One year later Malone finished his tour of duty and returned to Australia – he was discharged from the RAAF in January 1971. “I went home and thought nothing more of it [the helicopter].”
Meanwhile, after repairs were completed, the helicopter resumed active service in Vietnam until October 1968. From 1975 to 1979 the aircraft was used at RAAF Williamtown, NSW, and later issued to No 2 Flying Training School at RAAF Pearce, Western Australia, where it was used in search and rescue operations.
In May 1985 it was flown to the Australian War Memorial (AWM) and in May 1988 it was transported to the Mitchell store (the AWM’s conservation facility and storage hub), where it remains today.
Commenting on the futility of the Vietnam War, Malone says: “We were all very worried about the stupidity of Australia being there in the first place.
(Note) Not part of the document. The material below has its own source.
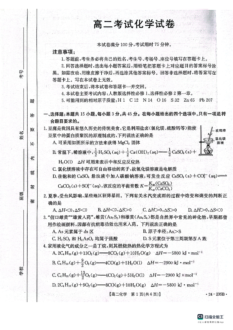 辽宁省辽阳市2023-2024学年高二上学期1月期末考试化学

It was none of our business. The Americans stuffed it up. There’d been no peace up there since [the Battle of] Dien Bien Phu [in 1954], they’ve been at one another for years. It’s just bloody stupid.”
Malone’s sense of humour, though, remains as sharp as his intellect. He tells a story about his wife Pamela, who once suffered an aneurism and a subsequent coma. She was airlifted on a CareFlight to hospital.
Upon awakening she asked Malone: “What am I doing here, how did I get here?”
After explaining what had happened, she retorted: “You bastard, all of these years and you never gave me a helicopter ride. Now I’ve had one, and I don’t remember.”